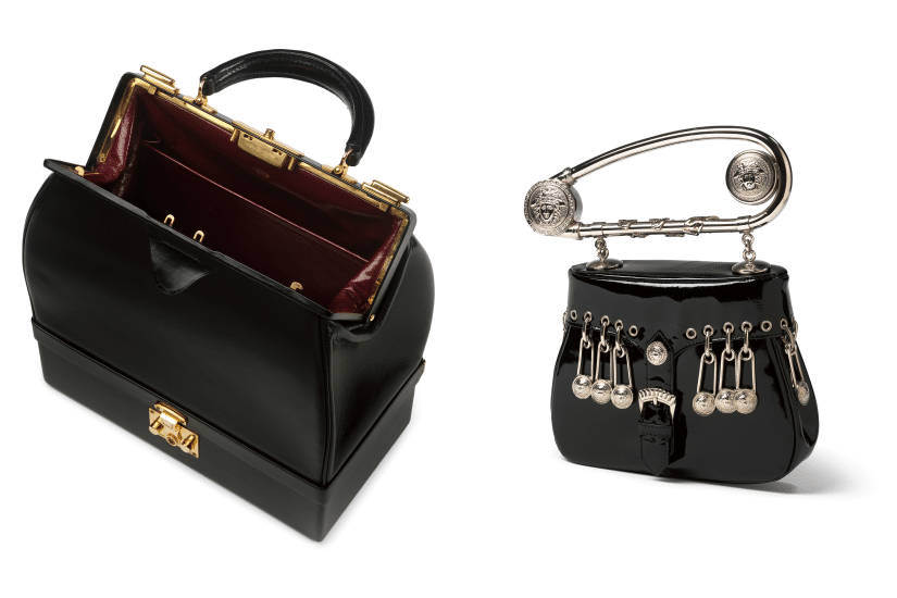 (右) Gianni Versace,「Safety Pin」手提袋 ,1994 春夏系列 , 意大利 © 英國維多利亞與艾爾伯特博物
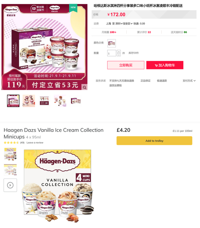 哈根达斯情况类似。天猫旗舰店上,哈根达斯四杯分享装总重320克,售价172元,平均每100克53.75元;而ocado上的同款产品售价4.2英镑(约合37.4元),平均每100克11.65元。国内哈根达斯售价约为英国版的4.6倍。
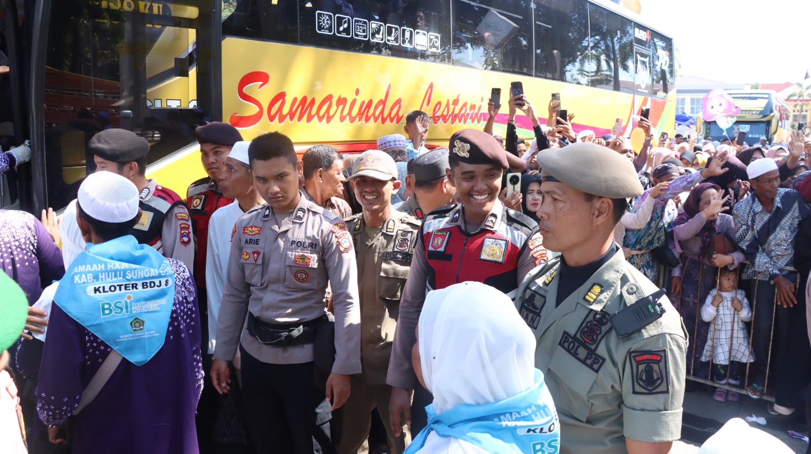 Kapolres Hulu Sungai Utara AKBP Agus Nuryanto, S.I.K,.M.Si, Melalui Kapolsek Amuntai Tengah Ipda Sulistono, S.Sos. Menyampaikan “Polres Hulu Sugai Utara berkomitmen terus memberikan pengamanan maksimal hingga seluruh jamaah kembali ke tanah air dengan selamat.Dengan pengamanan yang terkoordinasi dengan baik, diharapkan seluruh jamaah haji dapat menjalankan ibadahnya dengan khusyuk dan lancar tanpa kendala.”
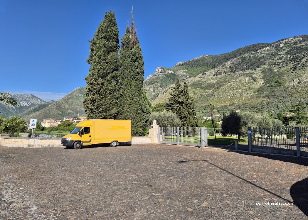 Parcheggio asfaltato e pianeggiante di fronte al cimitero militare. Si trova accanto a una strada trafficata, quindi l'ho classificato solo come parco diurno. Facile da raggiungere, anche per i camper di grandi dimensioni. Divieto di sosta per i veicoli di peso superiore a 6,5 t. Circa A 1 km dal centro storico.
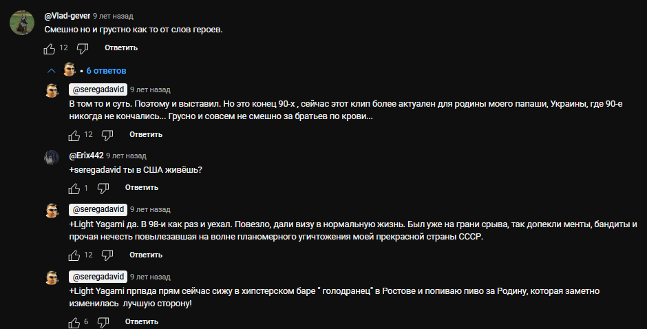 >>1227634 >а вот раньше при сталине Ну обычно когда говорят о совке, то имеют ввиду поздний совок времен Брежнева и новее. >Писсраиль был относительно дружелюбен На официальном уровне как раз не был. Дипотношения в 1991 восстановили или типа того. Да и писали из штатов и канад в том числе. Офк, я уверен, что была перлюстрация, но письма на бытовые темы ходили. >исключением для богоизбранных Ой, мань, а ирл у скольки процентов россиян были родственники за границей, кому им писать? На момент развала булкохрустии 90% населения крестьяне, которые дальше своей деревни и отходничества в город ничего не видели. А так сам тезис связи не было - хуета. У моей маман в качестве обязаловки в школе в 60-е, например, была переписка с рандомными детьми из стран советского лагеря.
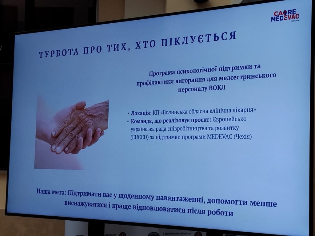 The European Ukrainian Council for Cooperation and Development (EUCCD) is launching a comprehensive programme to provide psychological support and prevent burnout among the nurses and nurse practitioners of the Volyn Regional Clinical Hospital.
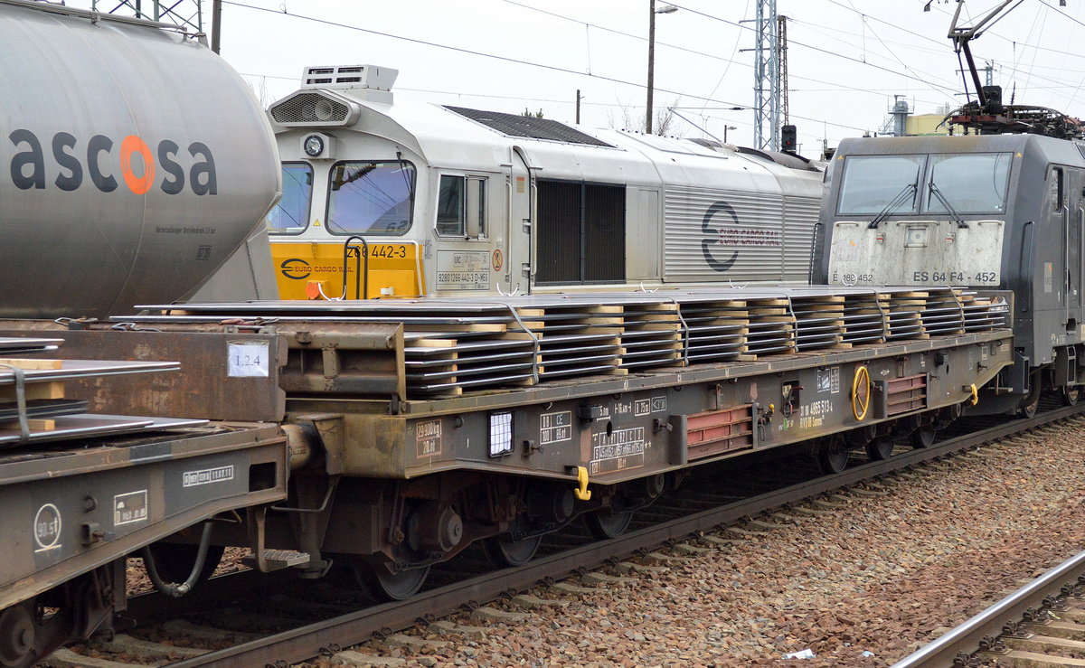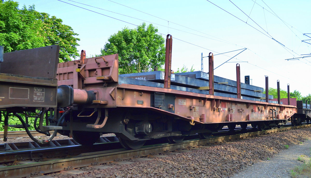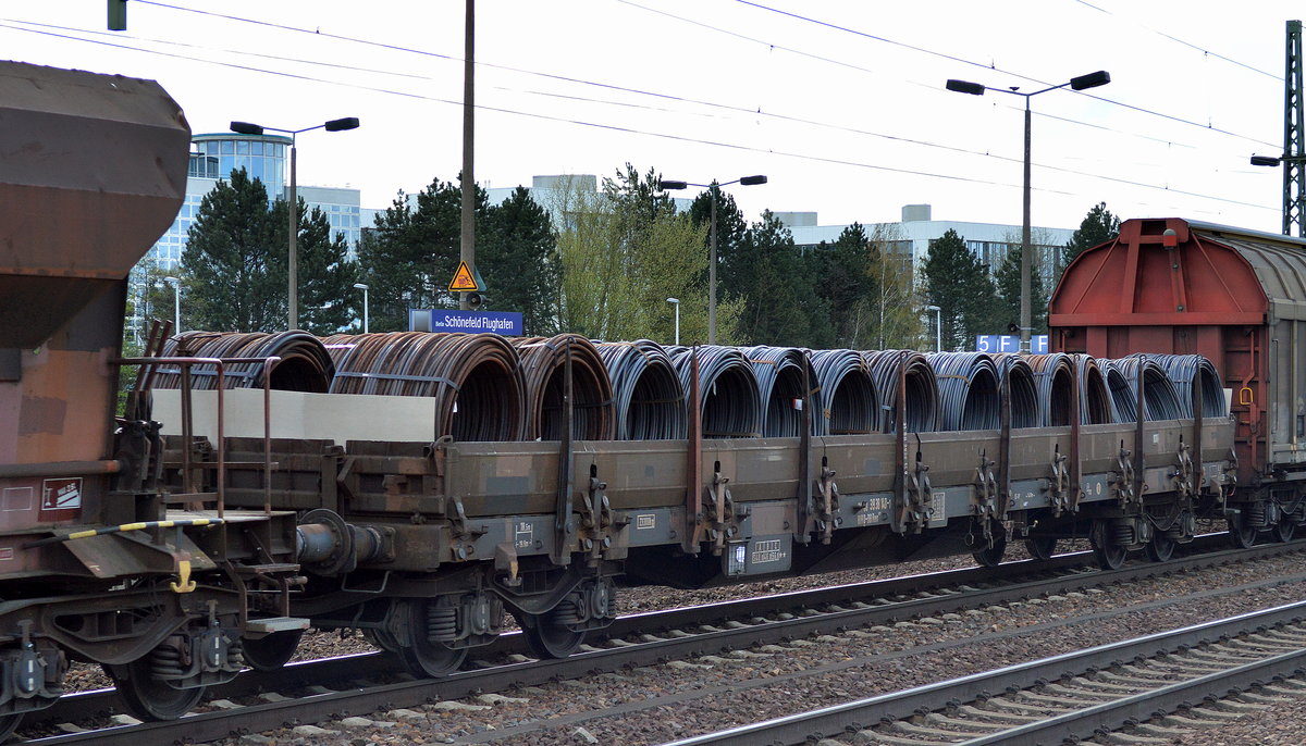 Drehgestell-Flachwagen der DB mit Stahlplatten beladen mit der Nr. 31 RIV 80 D-DB 4864 192-8 Samms 710 am 24.05.16 Bf. Flughafen Berlin-Schönefeld.
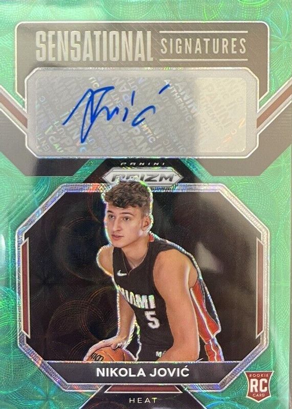 Auctions Ending Soon for Nikola Jovic 2022 Prizm #SS-NJ Sensational Signatures - Choice Green /8 Rookie RAW
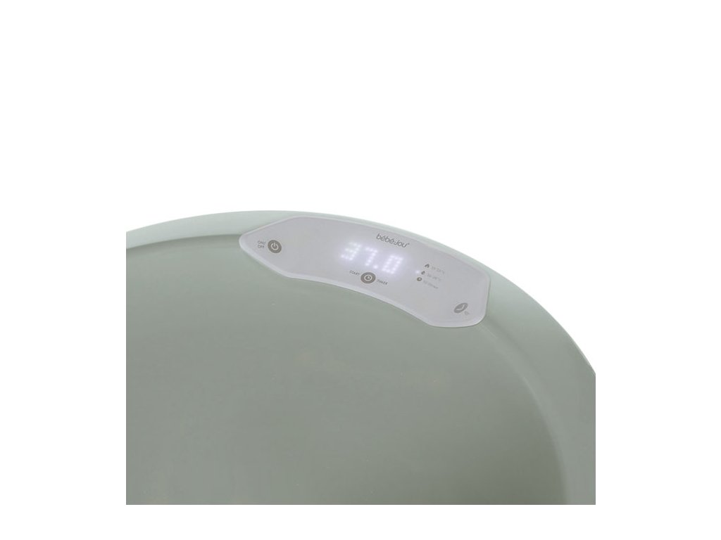 Sada komfortnej digitálne detskej vaničky a Bébé-jou Sense Edition v zelenej farbe a luxusného bieleho stojanu na vaničku Sense .

- **Exercise**: Leaving the pictures aside, repeat the data above exactly.

- **Solution for this exercise**:
 (右) Gianni Versace,「Safety Pin」手提袋 ,1994 春夏系列 , 意大利 © 英國維多利亞與艾爾伯特博物
 哈根达斯情况类似。天猫旗舰店上,哈根达斯四杯分享装总重320克,售价172元,平均每100克53.75元;而ocado上的同款产品售价4.2英镑(约合37.4元),平均每100克11.65元。国内哈根达斯售价约为英国版的4.6倍。
 Kapolres Hulu Sungai Utara AKBP Agus Nuryanto, S.I.K,.M.Si, Melalui Kapolsek Amuntai Tengah Ipda Sulistono, S.Sos. Menyampaikan “Polres Hulu Sugai Utara berkomitmen terus memberikan pengamanan maksimal hingga seluruh jamaah kembali ke tanah air dengan selamat.Dengan pengamanan yang terkoordinasi dengan baik, diharapkan seluruh jamaah haji dapat menjalankan ibadahnya dengan khusyuk dan lancar tanpa kendala.”
 Parcheggio asfaltato e pianeggiante di fronte al cimitero militare. Si trova accanto a una strada trafficata, quindi l'ho classificato solo come parco diurno. Facile da raggiungere, anche per i camper di grandi dimensioni. Divieto di sosta per i veicoli di peso superiore a 6,5 t. Circa A 1 km dal centro storico.
 >>1227634 >а вот раньше при сталине Ну обычно когда говорят о совке, то имеют ввиду поздний совок времен Брежнева и новее. >Писсраиль был относительно дружелюбен На официальном уровне как раз не был. Дипотношения в 1991 восстановили или типа того. Да и писали из штатов и канад в том числе. Офк, я уверен, что была перлюстрация, но письма на бытовые темы ходили. >исключением для богоизбранных Ой, мань, а ирл у скольки процентов россиян были родственники за границей, кому им писать? На момент развала булкохрустии 90% населения крестьяне, которые дальше своей деревни и отходничества в город ничего не видели. А так сам тезис связи не было - хуета. У моей маман в качестве обязаловки в школе в 60-е, например, была переписка с рандомными детьми из стран советского лагеря.
 The European Ukrainian Council for Cooperation and Development (EUCCD) is launching a comprehensive programme to provide psychological support and prevent burnout among the nurses and nurse practitioners of the Volyn Regional Clinical Hospital.
 Drehgestell-Flachwagen der DB mit Stahlplatten beladen mit der Nr. 31 RIV 80 D-DB 4864 192-8 Samms 710 am 24.05.16 Bf. Flughafen Berlin-Schönefeld.
 Auctions Ending Soon for Nikola Jovic 2022 Prizm #SS-NJ Sensational Signatures - Choice Green /8 Rookie RAW
 Sada komfortnej digitálne detskej vaničky a Bébé-jou Sense Edition v zelenej farbe a luxusného bieleho stojanu na vaničku Sense .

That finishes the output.